Untuk itu, kita semua yang
ada di wilayah Aceh ini harus senantiasa bersama, bersatu, dan seiring dalam
menjaga perdamaian ini. Perlu kita pahami bersama di kala kita menyatakan diri
untuk mencalonkan diri dalam mengikuti pilkada, maka pada saat itu kita harus
siap menerima apapun hasil akhirnya pesta demokrasi lokal ini.

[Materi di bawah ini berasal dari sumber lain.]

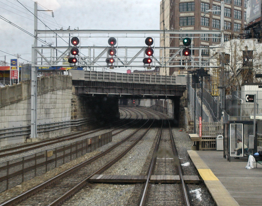 Distant Signal bridge to 16th St Jct on SEPTA Main Line at North Broad station.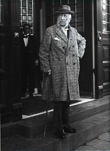 Danish naval officer, commander, politician, MP Hans Emil Bluhme (1833-1926)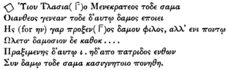 Ancient inscription on Menecratis's tomb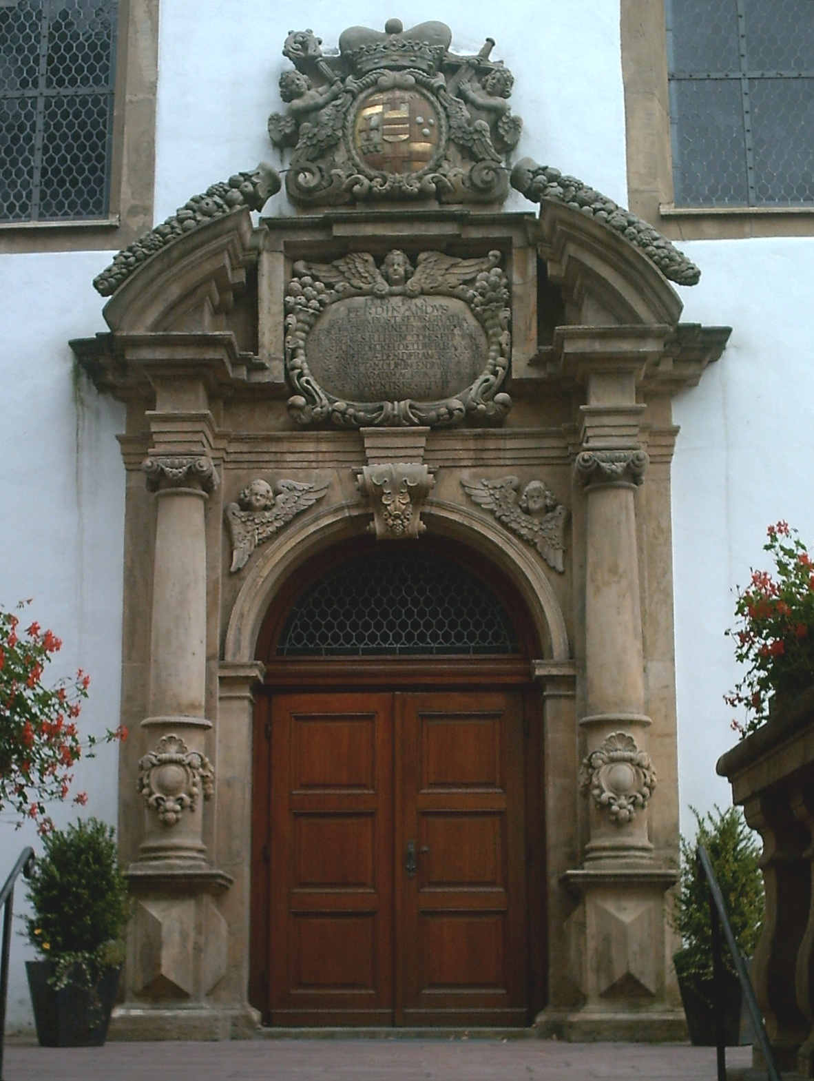 Collegium Liborianum in Paderborn, Germany

Jika sejak dari awal agenda
kegiatan pilkada ini sudah kita pastikan kemenangan menjadi Bupati/Walikota,
maka di kala hasil akhirnya kalah kita tidak siap mental untuk menerima
kekalahan tersebut. Kesiapan mental untuk menerima kekalahan ini tidak hanya
dibangun untuk pasangan calon, melainkan juga untuk tim sukses dan juga
simpatisan dari masing-masing pasangan calon.
Penulis Merupakan Mahasiswa Fakultas Ilmu Sosial dan Ilmu Politik
Universitas Syiah Kuala, Banda Aceh.